Thanks for all of the help, it's greatly appreciated!

PS: I use my PC for Photoshop, web surfing, up/downloading etc etc, nothing graphics intensive, so basic graphics would suit me fine. What amount of RAM would you suggest setting it at (minimum) for basic computing + Photoshop CS2?


----------



## Michael

I just googled for about half an hour and found that my onboard graphics 'aquires' 256MB (MAX) from the RAM, so if nothing else.. 256MB of (soon to be) 2GB isn't so bad.

If anyone has any other suggestions as to reducing the amount it takes, I'm all ears still


----------



## Cromewell

Turning it off completely and getting a discrete card is the only other thing you can do if you can't manually reduce how much RAM it takes.


----------



## Michael

Sounds good.

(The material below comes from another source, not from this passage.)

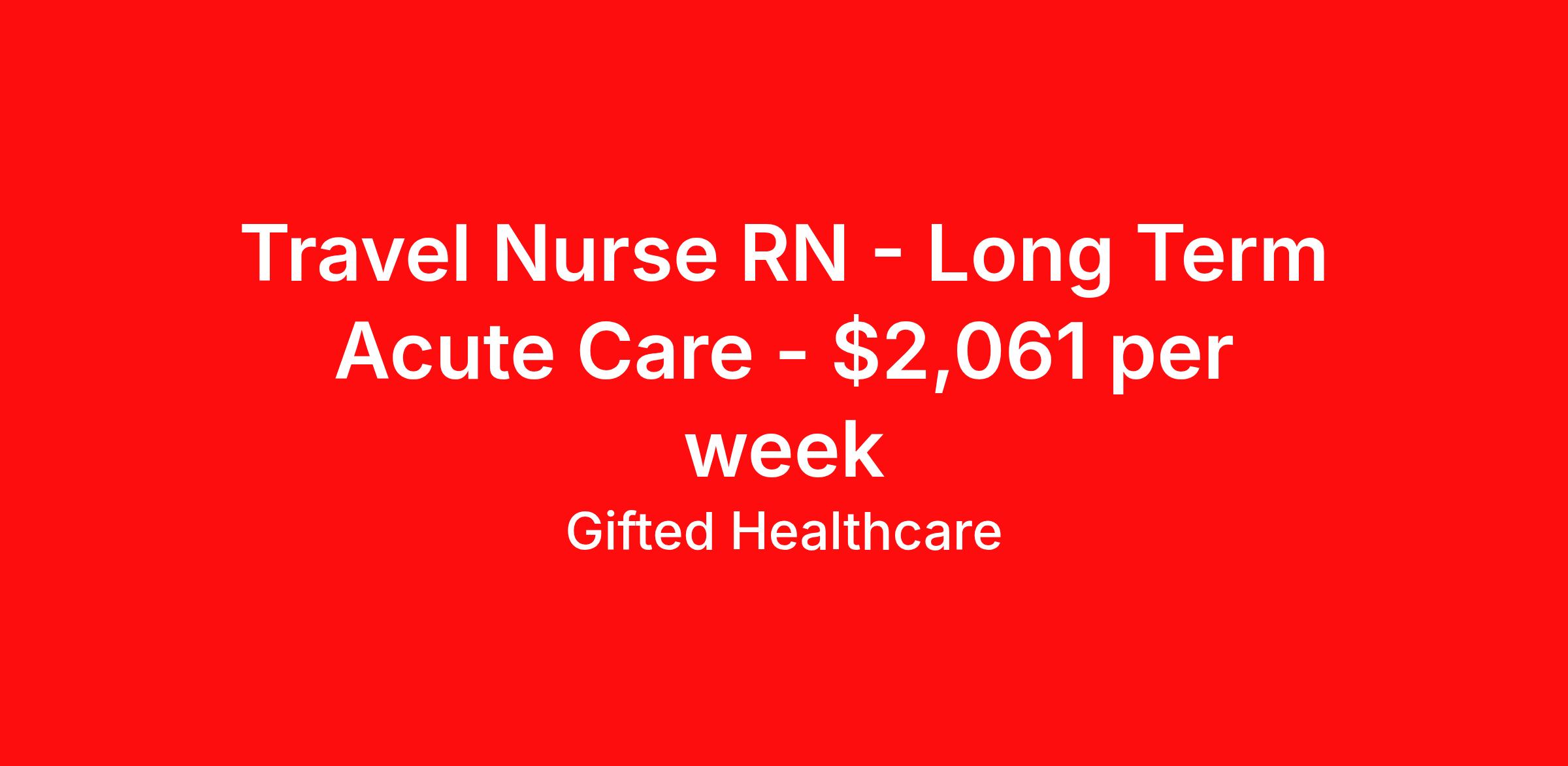 Gifted Healthcare is seeking a travel nurse RN Long Term Acute Care for a travel nursing job in Jackson, Tennessee. Job Description & Requirements Specialty: Long Term Acute Care Discipline: RN Duration: 13 weeks 36 hours per week Shift: 12 hours, nights Employment Type: Travel Requirements: • Experience with vents, trachs, and critical drips • 1 year of specialty experience • 2 years of RN experience for travel opportunities Benefits: • Guaranteed Pay: Never worry about canceled shifts due to low census • Premium Overtime: Earn double your hourly rate for overtime on travel assignments (excludes local, PRN, CA, Govt assignments) • Weekly Pay: Get paid weekly Contact us for more information! Gifted Healthcare Job ID 4367e. Pay package is based on 12 hour shifts and 36 hours per week (subject to confirmation) with tax-free stipend amount to be determined. About Gifted Healthcare Gifted Healthcare is an award-winning staffing agency that offers career opportunities to clinicians, healthcare leaders, and school-based professionals. Gifted provides Travel, Local, Per Diem, Government, and School-Based assignments as well as Interim Leadership services at premier facilities across the United States. We strive to elevate human connection in the delivery of care, and our team is committed to supporting you every step of the way in order to help you succeed on your terms. Joining Gifted comes with benefits like schedule flexibility, competitive pay, and the opportunity to gain valuable clinical experience in top-notch facilities. As a Gifted clinician, you can trust that we will invest in your career, fight for your well-being, and put your needs first. Apply with Gifted Healthcare today for access to exceptional job opportunities, day-one benefits, and 24/7 support. Our vision is to elevate the human connection in the delivery of care we provide to our clinicians. We serve your evolving needs through innovation, community, compassion, and service. Gifted is here for you every step of the way to help you succeed on your terms. Working with Gifted comes with benefits like schedule flexibility, competitive pay, and the opportunity to gain valuable clinical experience in top-notch facilities. Benefits Weekly pay Guaranteed Hours Pet insurance Wellness and fitness programs Referral bonus Medical benefits Dental benefits Vision benefits Benefits start day 1

I can live with it taking 256MB of RAM.

One other thing I'm wondering, though.

My computer came with DDR2 667 (PC2/5300) installed, but newegg and everyone else recommended DDR2 533 (PC2/4200). 

Now that I've purchased 4 sticks of the DDR2 533 it's a little late to turn back, but, is there going to be a huge, noticable, performance difference between the two speeds?


----------



## Cromewell

Not really. You might notice some difference if you are running benchmarks but otherwise it's not likely that you'll be able to see it


----------